The Shuttle Columbia

There was a sort of Gen-X litmus test, where we’d remember where we were when we heard the news that the Challenger had exploded on take-off. It was our generation’s JFK. I was coming out of a physics regents test, and I remember that we were all shocked and disbelieving. We were high school students then.

Times change. All of us have gotten older, and, particularly in the past fifteen months, all of us have heard a litany of disasters, both accidental and purposeful. We heard about Columbia at a rest stop on the Mass Pike on our way to Boston. I was disbelieving — Could the cashier have been talking about an unmanned launch for some reason? Didn’t the last shuttle mission land last week? — but not shocked. Unlike our past selves, we now know the shuttle missions are fraught with peril, that the ship itself is built and flown with old, labor-intensive technology, that many parts can break, even if NASA has a thousands eyes watching every possible cog and circuit. There was no shock, just sadness.

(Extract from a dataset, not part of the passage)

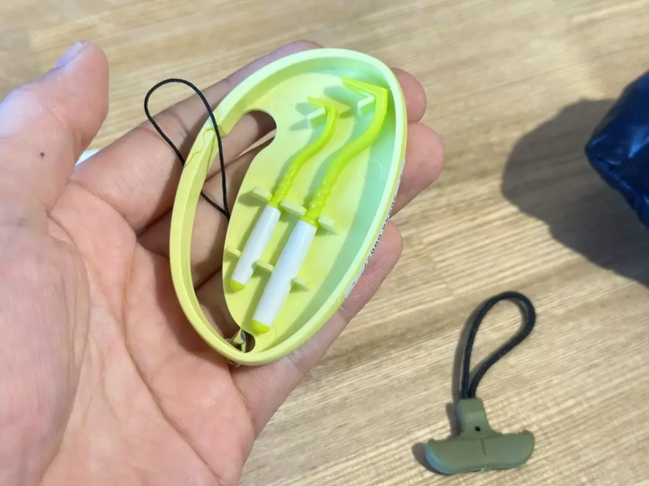 もしも 噛まれてしまって 不用意にマダニを引っ張ると、 マダニの頭と口が皮膚内に残ってしまい、 さらには マダニの中に 潜んでいるウイルスが一気に 皮膚の中に 押し込まれる可能性があるので、 マダニに噛まれた時の 対策も登山では 重要視しています。 そこで 使っているのがティックツイスター で、 血を吸っている マダニを見つけたら マダニと肌の隙間にティックツイスターを差し込んでツイスターを回転させながら少しずつ引っ張っていくと、マダニを取り除くことができます。 2種類の大きさがあるので、 マダニの大きさで 使い分けます。

When we got back to the car and onto the highway, we tried to get the news on the radio, but we couldn’t pick up anything clearly in between Boston and Springfield, and gave up after scanning the dial a number of times. We finally found out what happened after we got to Grace’s cousin’s, and saw a bit of the CBS broadcast around 12:30. Columbia had broken up at more than 40 miles up, travelling at Mach 12. So fast and so high: in another sign of the times, I mentally crossed out “terrorism” from the list of possibilities. We were busy the rest of the day, and didn’t see the news again until much, much later.